(REQUIRED WORK)
Give back exactly the lines of the data below, starting with the line that has "On January 12, 2025, a" and going on through the line that has "Las cámaras-trampa tambíén".

(SUPPLIED RECORDS)
#####

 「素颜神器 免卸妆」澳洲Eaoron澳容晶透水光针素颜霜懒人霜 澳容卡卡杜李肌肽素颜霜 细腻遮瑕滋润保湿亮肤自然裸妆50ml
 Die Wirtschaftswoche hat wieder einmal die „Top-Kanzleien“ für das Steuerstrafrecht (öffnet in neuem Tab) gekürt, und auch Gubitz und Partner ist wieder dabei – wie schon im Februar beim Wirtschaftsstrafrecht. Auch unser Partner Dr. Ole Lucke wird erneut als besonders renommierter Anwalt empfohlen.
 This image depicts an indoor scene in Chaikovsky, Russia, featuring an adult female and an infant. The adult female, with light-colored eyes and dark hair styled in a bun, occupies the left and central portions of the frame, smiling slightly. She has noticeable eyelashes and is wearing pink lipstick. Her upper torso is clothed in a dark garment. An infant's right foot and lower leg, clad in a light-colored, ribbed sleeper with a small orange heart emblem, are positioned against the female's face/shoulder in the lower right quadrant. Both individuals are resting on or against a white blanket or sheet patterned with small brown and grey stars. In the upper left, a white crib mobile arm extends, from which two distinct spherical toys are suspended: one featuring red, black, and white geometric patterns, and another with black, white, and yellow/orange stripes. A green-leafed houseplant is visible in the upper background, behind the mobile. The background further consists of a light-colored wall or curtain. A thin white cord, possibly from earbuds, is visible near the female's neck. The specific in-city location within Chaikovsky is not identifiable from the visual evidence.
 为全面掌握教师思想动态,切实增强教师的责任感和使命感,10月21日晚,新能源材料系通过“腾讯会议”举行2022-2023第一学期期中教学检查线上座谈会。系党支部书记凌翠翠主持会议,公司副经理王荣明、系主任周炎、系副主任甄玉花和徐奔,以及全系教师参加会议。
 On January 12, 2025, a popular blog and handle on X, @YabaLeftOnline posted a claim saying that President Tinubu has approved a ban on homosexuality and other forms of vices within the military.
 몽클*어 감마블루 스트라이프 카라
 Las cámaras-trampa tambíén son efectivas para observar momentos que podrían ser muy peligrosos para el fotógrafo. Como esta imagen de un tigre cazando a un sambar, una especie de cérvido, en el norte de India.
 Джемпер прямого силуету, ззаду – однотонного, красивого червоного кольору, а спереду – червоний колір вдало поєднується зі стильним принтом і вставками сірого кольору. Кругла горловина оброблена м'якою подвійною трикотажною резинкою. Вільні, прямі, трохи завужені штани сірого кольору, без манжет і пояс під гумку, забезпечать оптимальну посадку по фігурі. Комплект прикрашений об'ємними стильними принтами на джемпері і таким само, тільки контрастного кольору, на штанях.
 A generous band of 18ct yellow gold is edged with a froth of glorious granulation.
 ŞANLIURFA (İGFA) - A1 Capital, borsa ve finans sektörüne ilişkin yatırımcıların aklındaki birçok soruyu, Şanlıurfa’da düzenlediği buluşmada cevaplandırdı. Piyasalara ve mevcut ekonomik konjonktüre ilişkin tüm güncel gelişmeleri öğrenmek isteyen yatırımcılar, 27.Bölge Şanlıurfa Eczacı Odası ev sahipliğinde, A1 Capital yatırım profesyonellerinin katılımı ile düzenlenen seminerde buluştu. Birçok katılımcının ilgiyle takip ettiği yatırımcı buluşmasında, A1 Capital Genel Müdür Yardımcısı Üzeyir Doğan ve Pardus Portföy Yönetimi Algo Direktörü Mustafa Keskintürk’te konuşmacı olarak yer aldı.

#####

(REPLY TO THE EXERCISE)
 On January 12, 2025, a popular blog and handle on X, @YabaLeftOnline posted a claim saying that President Tinubu has approved a ban on homosexuality and other forms of vices within the military.
 몽클*어 감마블루 스트라이프 카라
 Las cámaras-trampa tambíén son efectivas para observar momentos que podrían ser muy peligrosos para el fotógrafo. Como esta imagen de un tigre cazando a un sambar, una especie de cérvido, en el norte de India.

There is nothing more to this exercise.